Source code for atomworks.ml.transforms.rf2aa_assumptions

from typing import Any

import numpy as np
import torch

from atomworks.ml.transforms.base import Transform


# Helper functions
def _is_atom(seq: torch.Tensor | np.ndarray) -> torch.Tensor | np.ndarray:
    return seq > 32


def _is_block_diagonal_with_full_blocks(array: torch.Tensor | np.ndarray) -> bool:
    # NOTE: This only
    # Check that matrix is 2D
    assert len(array.shape) == 2

    # Check that matrix is square
    n_rows, n_cols = array.shape
    assert n_rows == n_cols

    # Get occupied entries
    occupied = np.asarray(array != 0)

    # Check 1: A necessary condition for a full block diagonal structure is that
    #  the matrix retains it's occupancy pattern when squared.
    if not np.allclose(occupied, np.linalg.matrix_power(occupied, 2)):
        return False

    # Check 2: Explicitly go over the matrix and check that it is block diagonal
    start = 0
    end = np.where(occupied[0])[0][-1] + 1
    is_block_diagonal = True
    for row in occupied:
        if row[start] == 0:
            # case: jump to new block - increment block start & end
            start = end
            end = np.where(row)[0][-1] + 1

        # validate block structure
        is_block_diagonal &= (row[start:end] != 0).all()
        is_block_diagonal &= (start == 0) or (row[:start] == 0).all()
        is_block_diagonal &= (end == n_cols) or (row[end:] == 0).all()

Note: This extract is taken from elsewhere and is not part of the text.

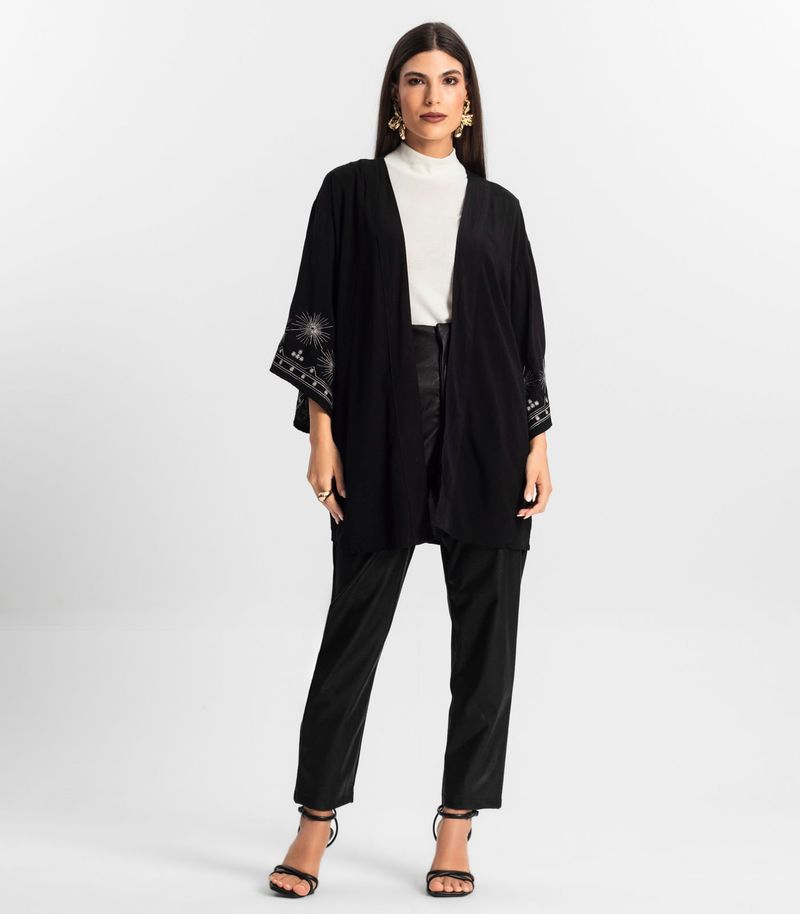 O Kimono Feminino Endless é uma peça sofisticada e cheia de charme. Confeccionado em viscose Khyara, um tecido leve e fluido, proporciona conforto e frescor. Seus detalhes em bordado delicado nas mangas adicionam um toque de elegância à peça, tornando-a perfeita para compor looks casuais ou mais refinados. Versátil e moderna, o kimono é ideal para diversas ocasiões, garantindo estilo e sofisticação com um visual único e atemporal. Uma escolha essencial para o guarda-roupa feminino.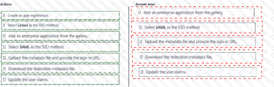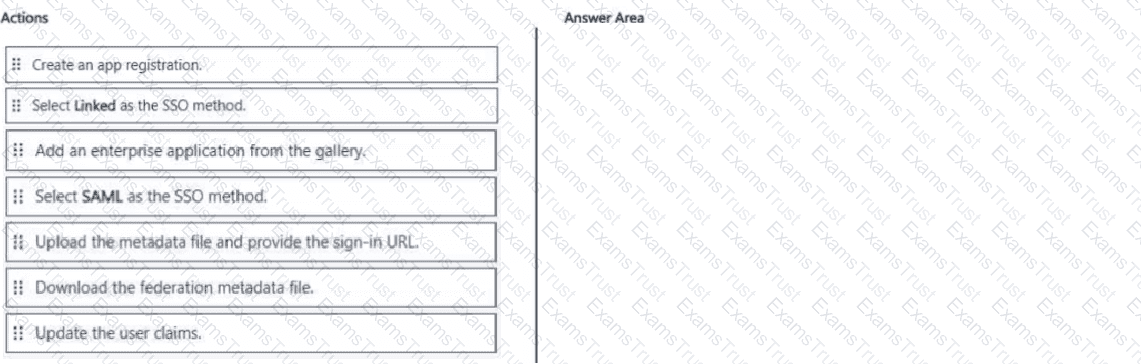 Which five actions should you perform in sequence in the Microsoft Entra admin center? To answer, move the appropriate actions from the list of actions to the answer area and arrange them in the correct order.

        if not is_block_diagonal:
            # ... early stop
            return False

    # Create a mask for all occupied entries:
    return is_block_diagonal


def _are_all_blocks_the_same_size(array: torch.Tensor | np.ndarray) -> bool:
    assert _is_block_diagonal_with_full_blocks(array)
    block_diffs = np.unique(np.where(array.diff())[1]) + 1
    block_starts_ends = np.concatenate([[0], block_diffs, [array.shape[0]]])
    block_sizes = block_starts_ends[1:] - block_starts_ends[:-1]
    return np.all(block_sizes == block_sizes[0])


def _is_symmetric(array: torch.Tensor | np.ndarray) -> bool:
    # Check that matrix is symmetric
    return np.array_equal(array, array.T, equal_nan=True)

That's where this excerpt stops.